その金間さんの新作が『ライバルはいるか?』です。社会人1200人に調査を行い、世界中の論文や研究を調べ、「誰かと競う」ことが人生にもたらす影響を解き明かしました。挑戦する勇気を得られる内容に、「これは名著だ!」「人生のモヤモヤが晴れた!」との声が多数寄せられています。この記事では、本書より一部を抜粋・編集して、「チームに貢献できる人の特徴」を紹介します。

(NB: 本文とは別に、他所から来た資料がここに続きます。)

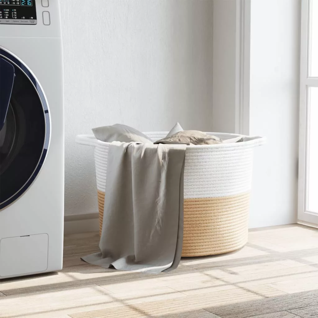Ez a modern stílusú szennyeskosár mindenkit lenyűgöz, és nem csupán praktikus, de igazán szemet gyönyörködtető is lesz bármely helyiségben. Tartós anyag: A tárolókosár szőtt pamutkötelekből készült, amely egy légáteresztő, puha és kivételesen tartós anyag.Helytakarékos kialakítás: Az összecsukható kialakításnak köszönhetően használaton kívül könnyen tárolható, így a mosókosár ideális kis lakóterekbe.Egyszerű szállítás: A két erős fogantyúval ellátott, szőtt kosár kényelmes fogást és egyszerű szállítást biztosít.Sokoldalú kosarak: A ruháskosár sokoldalú. Használható gyerekjátékok, takarók, párnák vagy egyéb otthoni holmik tárolására, elősegítve ezzel, hogy a környezet tiszta és rendezett maradjon. Jó tudni:Javasoljuk, hogy a kosár átvételekor tömje ki például párnákkal, hogy helyreálljon az alakja, vagy szükség esetén használjon vasalót a forma kialakításához.A kosár élettartamának meghosszabbítása érdekében kerülje a gépi mosást, mert alakját vesztheti. Ehelyett inkább óvatosan mossa ki kézzel a kosarat, ha szükséges.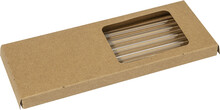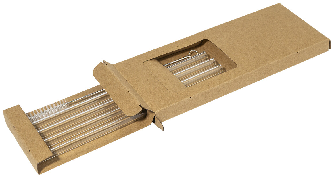 Sada 4 opakovaně použitelných brček na pití z borosilikátového skla s čisticím kartáčkem. V krabičce z kraftového papíru.

チームの役に立てない「モブキャラで終わる人」と「チームに貢献できる人」の、たった1つの違いPhoto: Adobe Stock

「モブでいたい」と言う若者たちへ

「自分はモブのままでいい。モブのままがいい」

 そう言う人もいるだろう。
 僕がこれまで手掛けてきた若者に対する研究では、確かにそういった気質を持った若者が多いことが明らかになっている。

 研究者の僕としては、そのデータに向き合い、客観的な思考を深める。
 でも、ひとりの人間としての僕の主観は、まだそのデータを受け入れていない。

 自分にしかできない何かで、チームに貢献する。自分のやるべきことが明確になり、そこに意識が集中する。言葉はなくとも、周りの人が認めてくれているのがわかる。自分がチームのメンバーで良かったと、周りの人が思ってくれているのが伝わる。

 そう感じられる状態は、何ものにも代えがたいものだ。

 そのために「個」を鍛えること。
 チームに貢献するために、徹底的に「個」を意識すること。

 僕はこれを強く提案したい。

この世界は「個人戦」でできている

 ここまで、本研究を通して、多くのライバル像と向き合ってきた。質問票調査やインタビュー調査、先行研究、そして僕自身の経験も踏まえ、1つの結論に至る。

 それは「この世界は個人戦でできている」ということ。

 チームで戦うとはどういうことか。僕たちにとって、最高のチームとは何か。
 この問いを突き詰めれば突き詰めるほど、「個」としての重要性が浮上する。
 きっとこれが本質だ。

 ほとんどの人は、組織やチームの一員として活動している。受験のような個々の戦いでさえ、仲間を意識することは多い。

 では、そのとき念頭に置く「仲間」とは誰か。
 そのとき想像する「仲間」とはどんな人か。
 僕が行ってきた「ライバル」研究とは、この問いに正対し、徹底的に「仲間」の解像度を上げていくプロセスと同義だった。

 そうして浮かび上がってきた結論が、「個」としての強さの重要性だ。

個人戦を戦える者のみがチームに貢献できる

 受験どころか、バレーボールやサッカーのようなチーム競技でさえ、力の源は個人に起因する。
 チームというが、その実は個人がすべてだ。個人が力を発揮しなければ、チームなど意味がない。

 したがって、ここから帰結されるもう1つの結論がこれだ。 

 個人戦を戦える者だけが、本当の意味でチームに貢献することができる。

 誰でもチームや社会に貢献したいという気持ちはあると思う。そんなときこそ、自分自身の「個」としての価値を本気で思考し、高める必要がある。

 自分が担うべき役割は何か。今とるべきベストのアプローチは何か。
 そうして自発的に思考するからこそ、チームに新たな力をもたらすことができるのだ。